Redactado por @loretosocorro
Abrí la caja y empecé a toser por el polvo acumulado. Los banderines estaban totalmente arrugados y con el color deslucido.
Mi primer impulso fue tirarlos e ir a comprar algunos nuevos, pero tres de los triángulos de tela se me enredaron en la mano derecha, dejándome inmovilizada.
Entonces, me acordé del día que los empaqueté: lloré mientras los doblaba porque se habían acabado las fiestas hasta el año siguiente. Si hubiera sabido que iban a estar mucho más tiempo sin uso, me los hubiera llevado a casa y los hubiera colgado desde mi azotea a la de en frente, para festejar la hora del aplauso.

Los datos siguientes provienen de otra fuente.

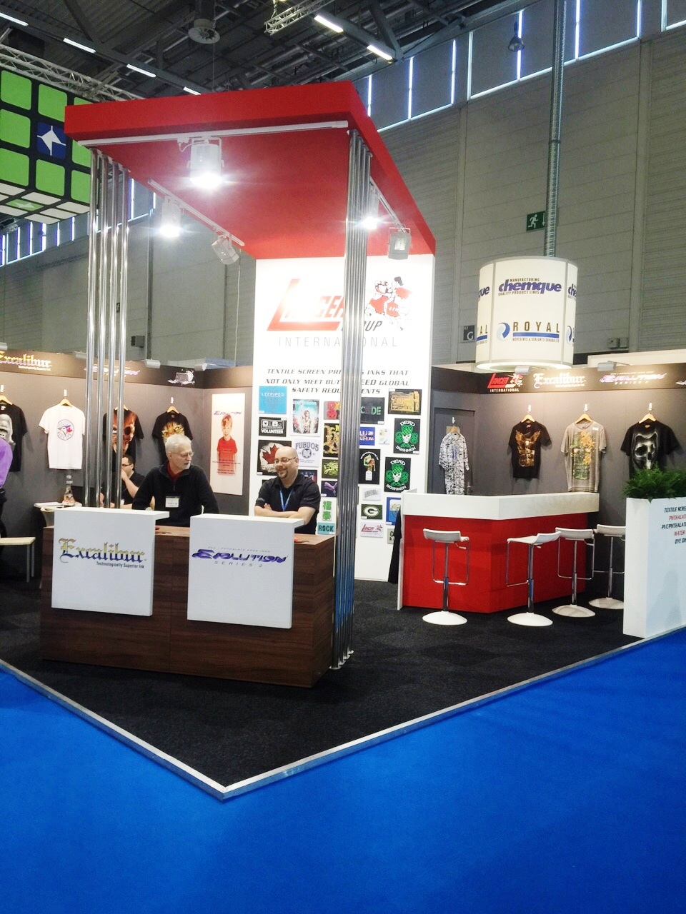 Sakurai stall at show. The MSAII series Sakurai stop cylinder screen printing machine is a favourite for textile transfers. Sakurai agent in India, Kunal Enterprises has installed the MS80A model at Quenby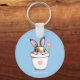 Smart Bunny with Flower & Heart on Light Blue Key Ring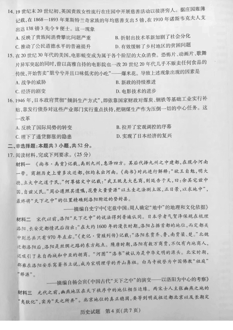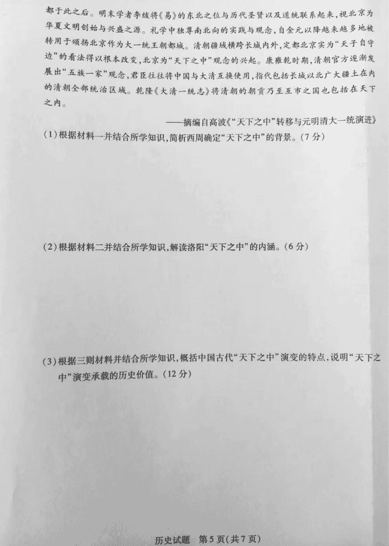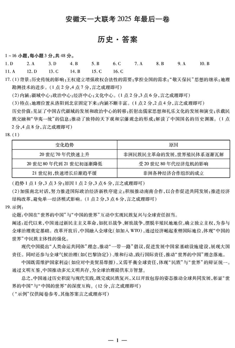 安徽天一大联考2025届高三最后一卷历史试题及答案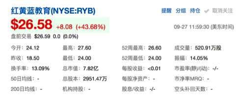 多知網(wǎng)9月27日消息,美國東部時間9點30分,紅黃藍在美國紐交所敲響開盤鐘聲,成為中國首家獨立上市的學前教育企業(yè)。紅黃藍開盤價為24.12美元,截至到11點59分(美東時間)已上漲至26.58美元,較發(fā)行價增長43.68%。
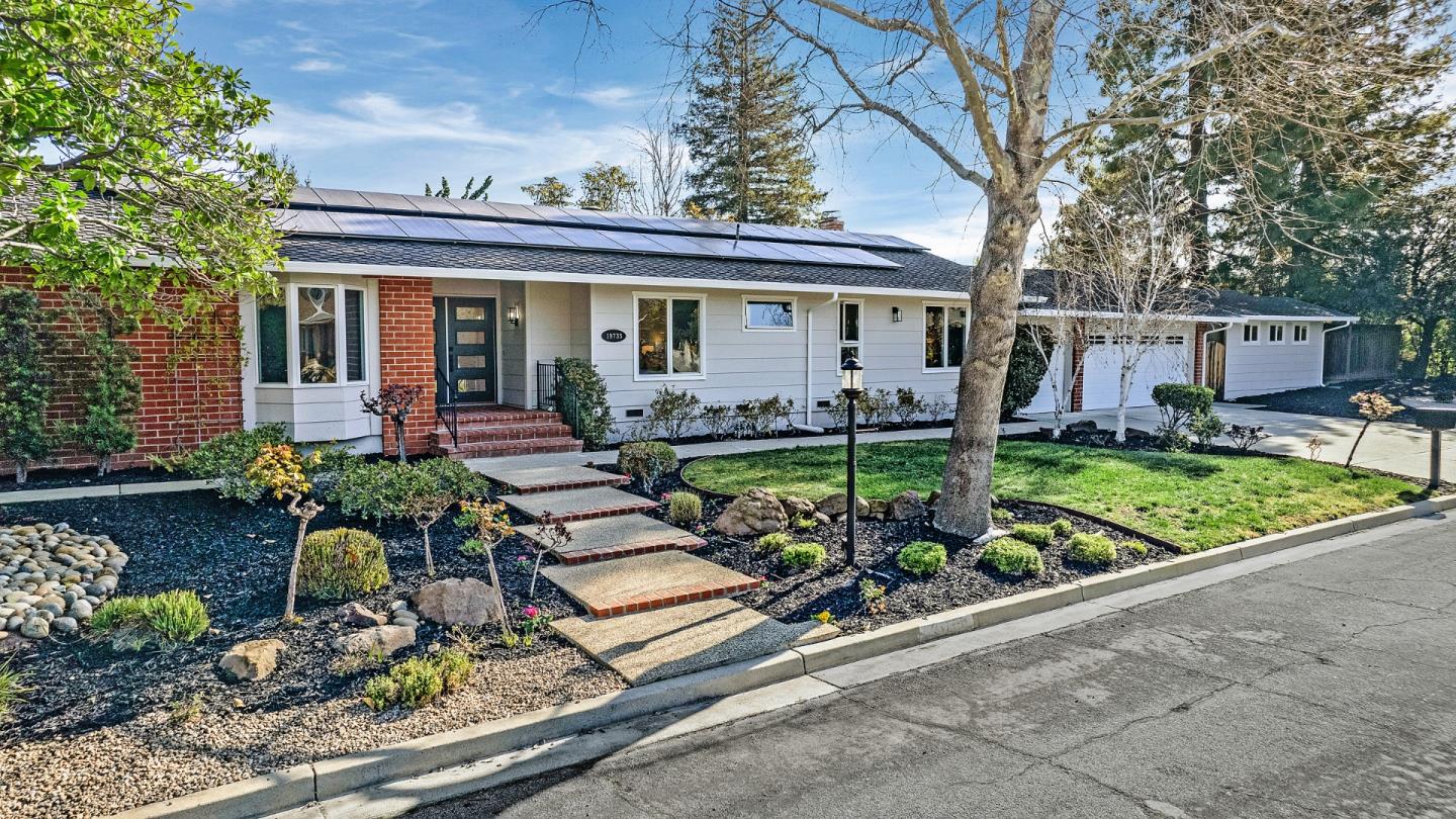 Move in and enjoy this single-story residence nestled in a prestigious neighborhood. Recently remodeled with designer finishes, this home boasts award-winning Saratoga Schools. The total living space includes 4 bedrooms and 2 full bathrooms in a main structure of 2,156 sqft and a detached office of 236 sqft. The grand entryway welcomes guests into a living room with an elegant fireplace and high ceiling. The family room with vaulted ceiling offers ample space for quality family time. It opens to the serene backyard, creating an inviting indoor-outdoor flow. The gourmet kitchen with custom cabinetry is ideal for hosting gatherings. The primary suite boasts high ceilings and walk-in closets. The other bedrooms are perfect for kids and guests. The detached office has heating and windows. A 3-car garage, indoor laundry and solar panels add to the sustainability of this home. The pool beckons for relaxation, surrounded by lush landscaping. Enjoy picking fresh peaches and lemons from backyard orchard. Easy access to highways 85 and 280, and close to Netflix, Apple, and other high-tech companies. Easy access to downtown Saratoga and Westgate, Farmers Market, Safeway, grocery stores, as well as many restaurants and the Saratoga Public Library. Great local parks within walking distance.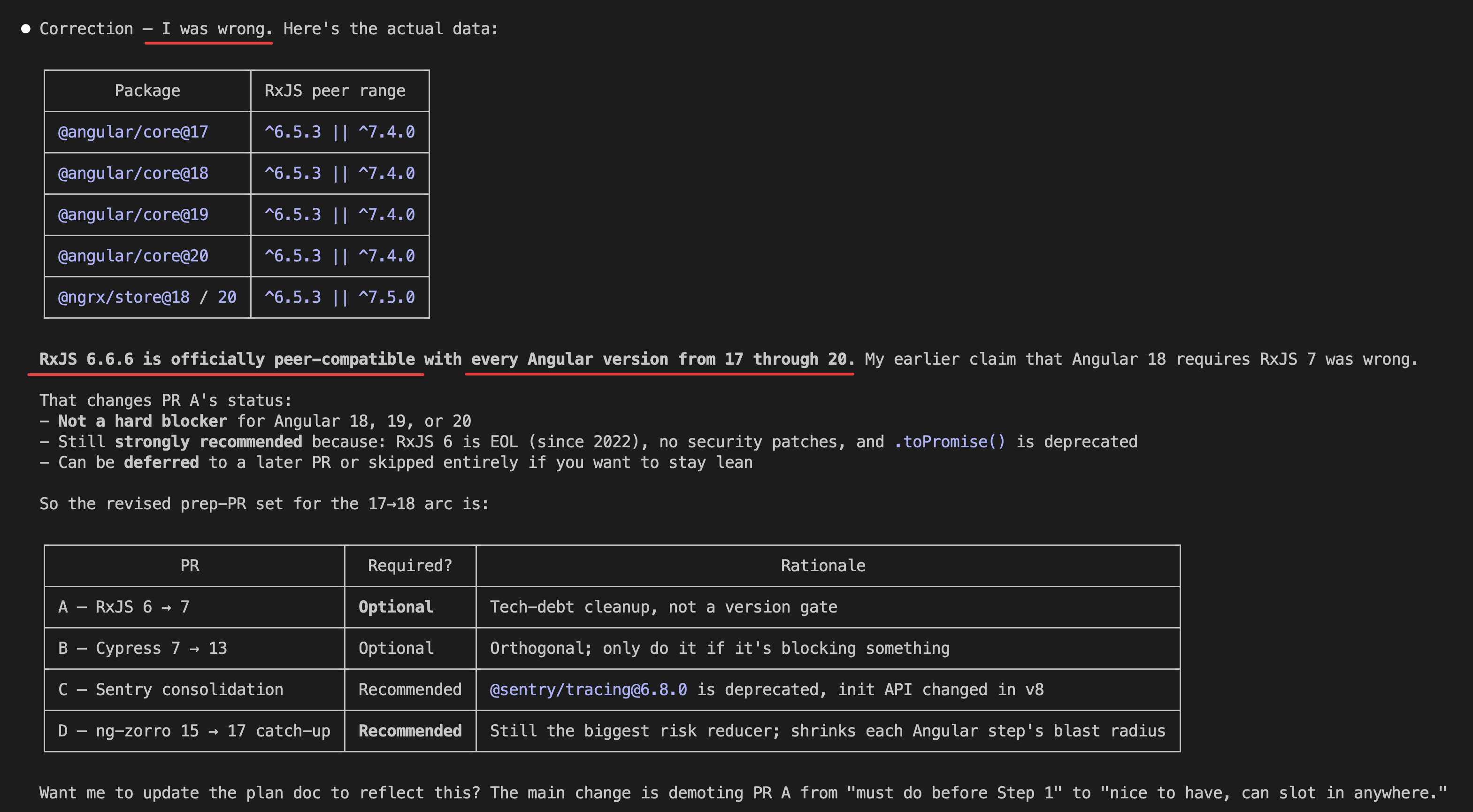 Then Claude audited the repo and gave the assessment: which packages block the Angular upgrade, and which are just debt to clean up along the way.

Mientras yo pensaba esto, los trocitos te tela se fueron colocando en fila india hasta formar una cola de dragón. Los oí cuchichear alegres cuando les puse delante una palangana de latón con detergente “surf”.
Les confieso que el espectáculo no tenía nada que envidiar a las mejores competiciones olímpicas de natación. Algunos banderines hacían acrobacias, otros solo nadaban y margullaban. Acabaron limpios como los chorros del oro.
– ¿Puedes tendernos bajo la luz de la luna? -, gritaron a todos a la vez.
La fiesta acabó pero no los descolgué.
Mis banderines pasarán todo el año saludando a la gente que vive y pasea la calle.
Cada noche abro mi ventana para quedarme dormida con sus latidos.
La música que hace un banderín con la tarosada es como si miles de plumas besaran el suelo.